По ее словам выходило что-то очень уж несообразное: она будто бы оставила Щетинина чуть ли не в смертельной схватке с неведомым злодеем; во всяком случае, слово «левольверт» упоминалось ею довольно часто. Но Евстратов слушал вполуха, зная тети Панину способность преувеличивать и создавать легенды.

Неожиданно послышался разъяренный треск мотоцикла, и из-за старой деревянной церквушки полоснул ослепительно-яркий луч фары; стремительно скользнув вдоль ветхой, полуразвалившейся ограды, по белым облупленным башенкам кладбищенских ворот, на которых причудливыми пятнами темнели черноликие сердитые ангелы с огненными, похожими на суковатые дубинки мечами, в мгновение выхватив из ночи, пересчитав множество крестов и краснозвездных столбиков, – луч этот, сопровождаемый оглушительными выхлопами, нахально уперся в участкового и как бы преградил ему дорогу. Скрежеща тормозом, мотоцикл остановился с разгона, словно лихой конь, осаженный могучей рукой наездника, и тут только Евстратов узнал отчаянного мотоциклиста: это был зав-клубом Петя Кузнецов.

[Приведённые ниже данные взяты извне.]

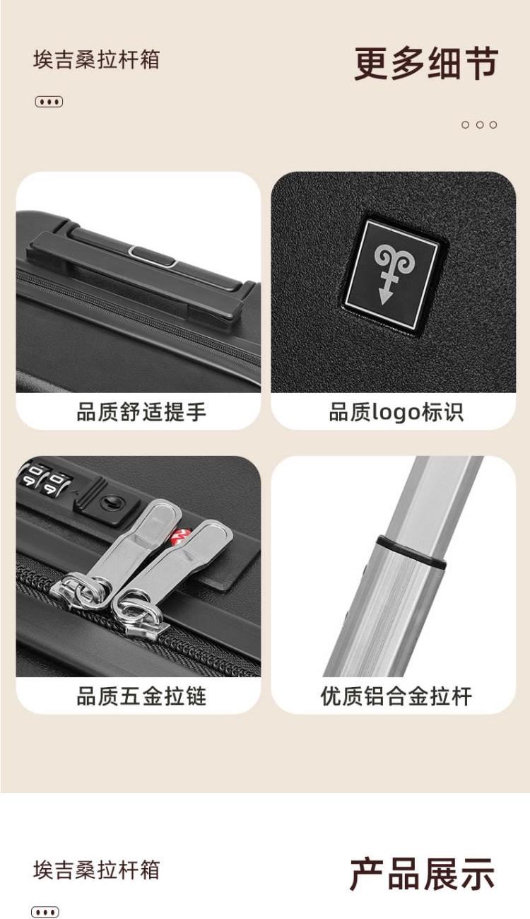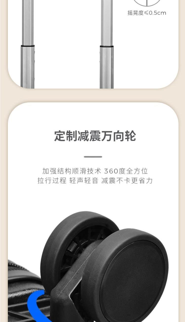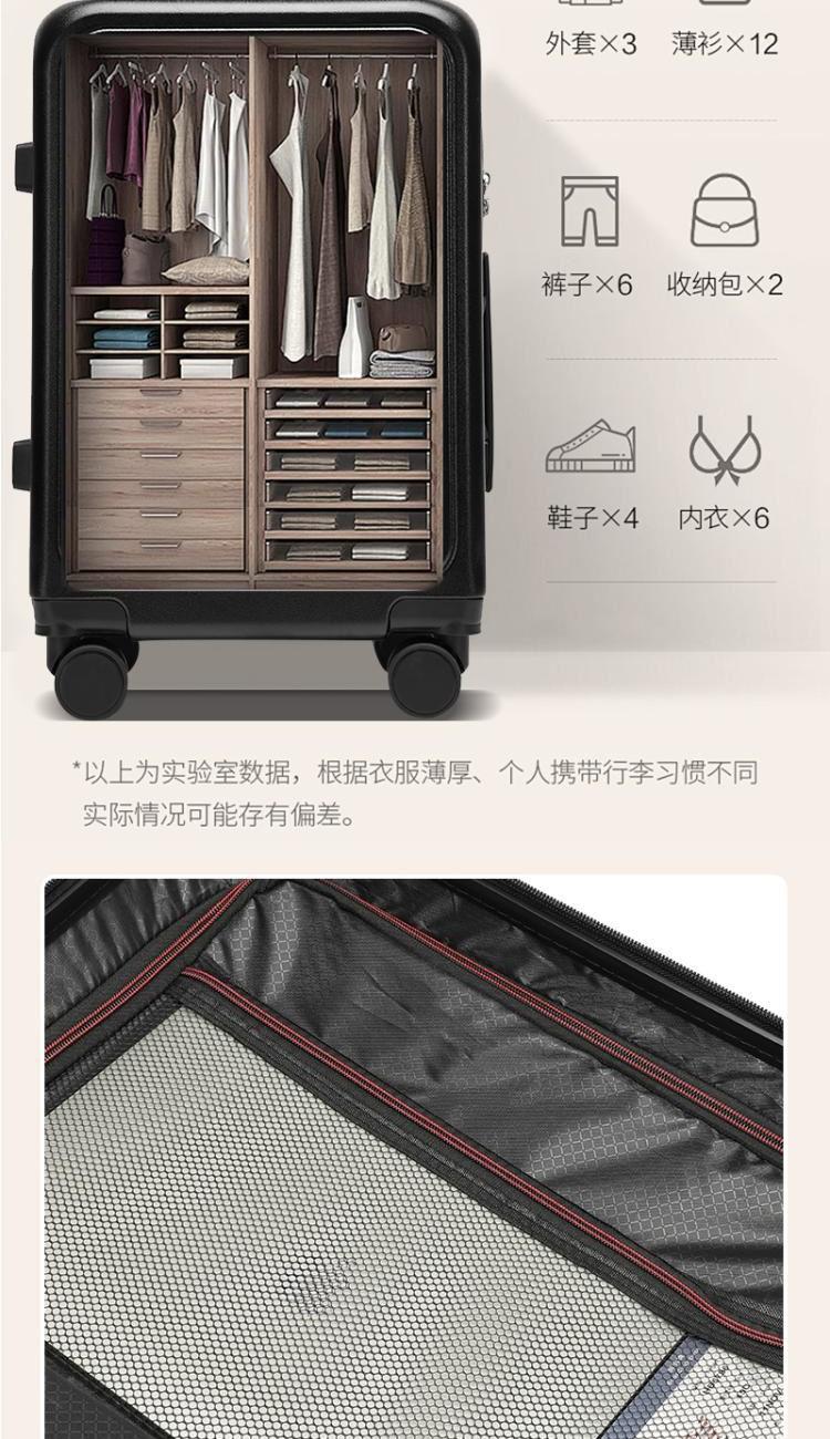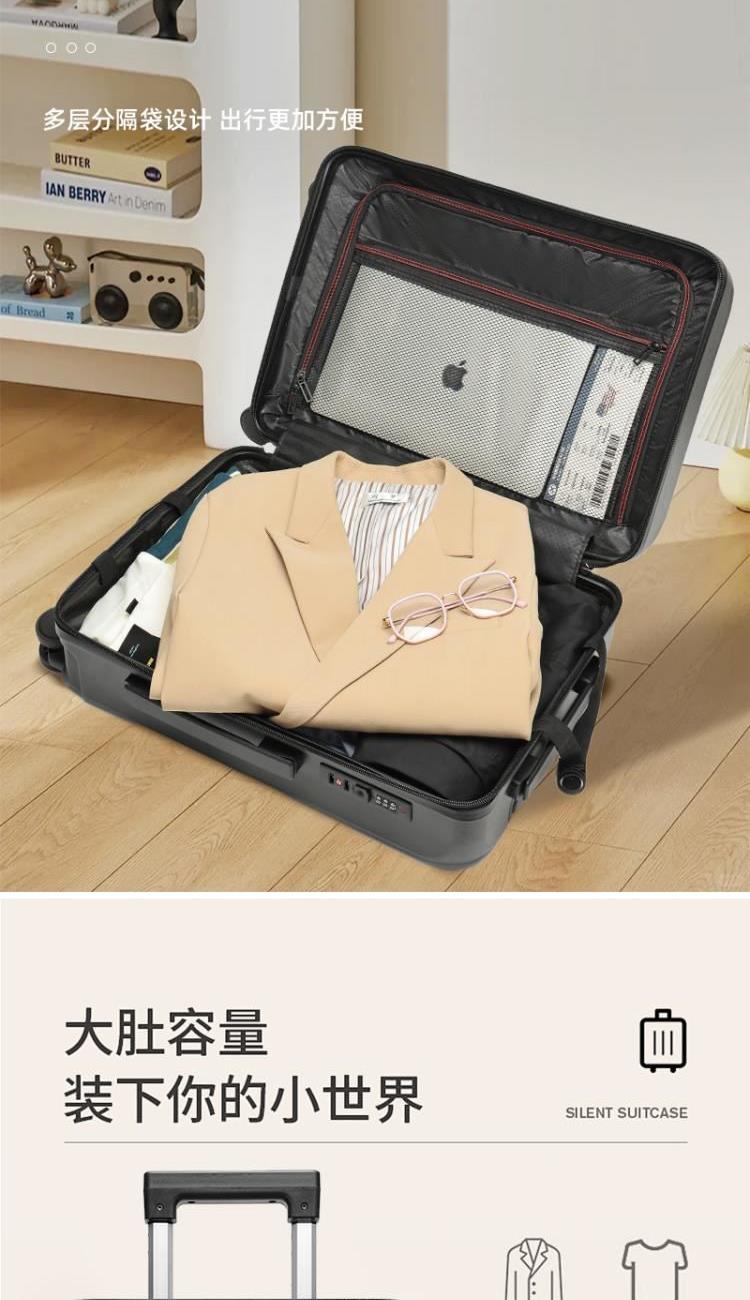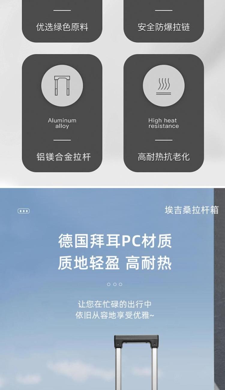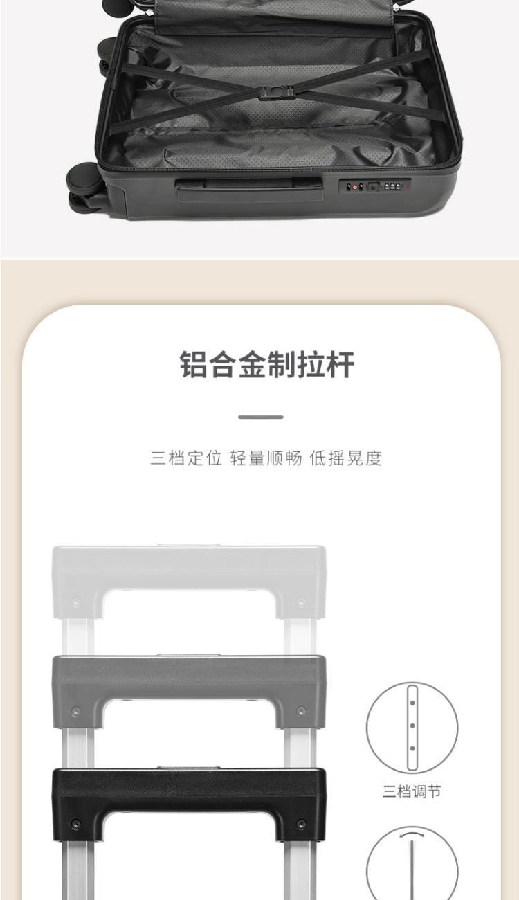 产品型号:HYX9002-20 产品重量:2.65kg 产品规格:20英寸 产品颜色:黑色 产品卖点:德国拜耳PC材质,质地轻盈,高耐热、抗冲击、阻燃、刚硬、柔韧(可踩、摔不变形),犹如护盾般保护着箱内物品; 耐用塑胶提手,柔软触感,温柔接触; 360°万向四轮静音轮,32万米负重测试; 优质铝合金加厚航空级抗压拉杆; 通过拉杆震荡、翻滚撞击、负重角轮耐久度、防锈、防水等各项测试。

– А я за тобой, понимаешь! – заорал он, выкидывая циркулем ноги и стараясь перекричать сварливое клохтанье мотора. – Давай, слушай, садись немедленно… Прекрати ты, пожалуйста, это безобразие… Ведь это что – работать невозможно!..

– А дружинники где? – сурово спросил Евстратов. – Дежурят?

– Да кабы! – с досадой отвечал Петька. – Эти дружинники твои… Слушай, ну будь человеком, ну прошу, пожалуйста! – Петька схватил Евстратова за руку и потянул к мотоциклу. – Ты только появись… Ну, на минутку на одну!..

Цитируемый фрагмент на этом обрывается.